4. Thick wire pear shaped whisk. Sometimes called a "French whisk," as opposed to what I'm not certain. I've also heard thin wire whisks called French whisks. This is the whisk you use to beat batters and sauces into submission. It will not put air or volume into a mix -- it's a bad choice for beating egg yolks to make a cake for instance. However, it's will cream the heck out of butter and creamcheese. It's the tool that beats a roux based sauce into shape. This is one of those "pro" tools that hasn't really made it into the home kitchen but is part of the "saucier's craft" (could I possibly be more pretentious?). If you ever get one, you'll wonder how you lived without it.

5. Flat whisks are good stirrers, but not much at getting air into stuff, or mixing stiff batters, or "enhanced incorporation" as the CIA cooks call it. You can get them with shapes that go into corners, too. They're the new "hot whisk," and all the girls and fellas want one. They're not essential cooking tools though. Nos. 2 and 4 are.

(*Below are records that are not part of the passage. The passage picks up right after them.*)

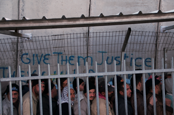 Although text accompanies the evocative photographs, the photos speak for themselves. Against the Wall depicts Palestinian families being separated from one another, being prevented from tending to their crops, Israelis inflicting economic deprivation on Palestinians, Israelis targeting of school children, and Israelis intended humiliation of Palestinian workers passing through checkpoints in the wall. ((I write “intended humiliation” because, in fact, it portrays the dignity of Palestinian workers who day-in and day-out withstand the indignities to support their families – an honourable act – and it is rather a self-humiliation for the Israelis that people in positions of power would lower themselves to behave so inhumanely to other humans.)) Against the Wall reveals the spirit, art, and determination of the Palestinian resistance, the anger of the occupied people, messages to the world, etc.
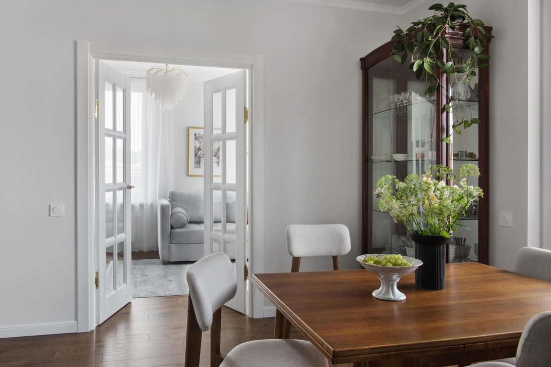 Заказчики проекта — зрелая семейная пара, их дети уже выросли и живут отдельно. Главным пожеланием было создать светлый интерьер в классическом стиле. Также хозяева попросили перевезти в новую квартиру винтажный сервант-витрину и румынскую банкетку для прихожей, с покупки которой 36 лет назад началось обустройство их первого семейного гнездышка.
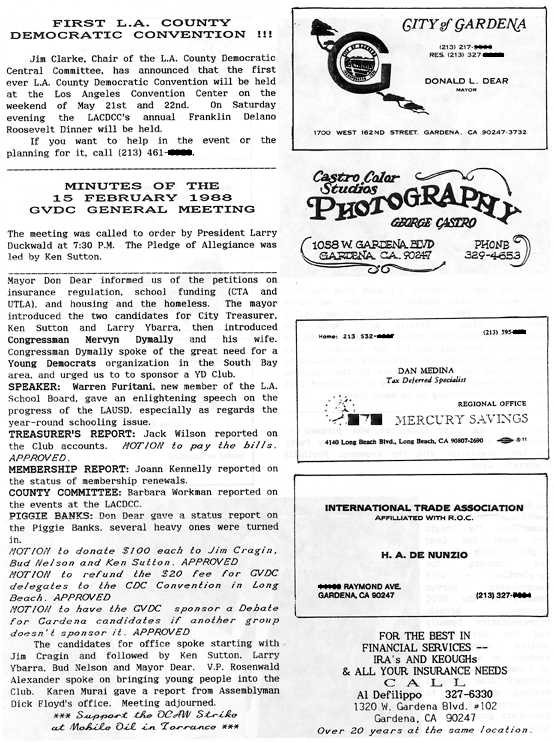 Additional nominations can be made from the floor by any Club members. In order to vote, you must be a current, paid-up Club member. To vote, new members must have been approved at a General Membership meeting at least 28 days earlier. Your 1998 Gardena Valley Democratic Club membership card is proof of membership, or you can get proof at the table outside the meeting hall.

Invest in a good pepper grinder.

I shop wherever I see this stuff at BB&B, dollar stores, thrift shops, flea markets, brick and mortar restaurant supplies, online cookware suppliers, online restaurant supplies, and so on. I keep looking 'til I find something that looks good.

Just some thoughts,
BDL


----------



## maryb (Mar 21, 2008)

I use Penzey's except for some dried chili's that they don't carry. I tried American Spice and I wasn't impressed with their freshness.


----------



## oldschool1982 (Jun 27, 2006)

Penzey's works for me too. I'm not sure if they do wholesale anymore but there's also a place in Atlanta I used for everything called Sydney's Spices. 
Sidney's Spices, Atlanta, GA : Reviews and maps - Yahoo! Local
No web site but the link above has their number.


----------



## shel (Dec 20, 2006)

So, which is best for whisking:


> eggs for omelets and scrambles;
> vinaigrette;
> mayonnaise?


scb


----------



## boar_d_laze (Feb 13, 2008)

> A few eggs in a small bowl? Toy whisk or fork. More eggs, bigger bowl? Thin wire, pear-shaped.
> Small bowl, toy whisk. If you really want an emulsion use a large enough bowl for your thin wire, pear shaped. You want the handle because you need a lot of speed and a fair amount of whisking.
> Thin wire, pear shaped, same reasons in no trump.


scb[/quote]


----------



## boar_d_laze (Feb 13, 2008)

> A few eggs in a small bowl? Toy whisk or fork. More eggs, bigger bowl? Thin wire, pear-shaped.
> Small bowl, toy whisk. If you really want an emulsion use a large enough bowl for your thin wire, pear shaped. You want the handle because you need a lot of speed and a fair amount of whisking.
> Thin wire, pear shaped, same reasons in no trump.
> 
> BDL


----------



## pastaguy (Sep 20, 2010)

Another suggestion for quality spices and seasonings is Fort Worth's own Pendery's World of Chiles and Spices. They also have an online catalog, so you can order from anywhere in the country. They might be worth checking out.


----------



## vohrtex (Apr 21, 2009)

Kalustyan's is great, although I've been there in person and not online. A great selection, and more than McCormick can shake a stick at. While they have great spice mixes, if you are going for long term I would always advise the whole spices.


----------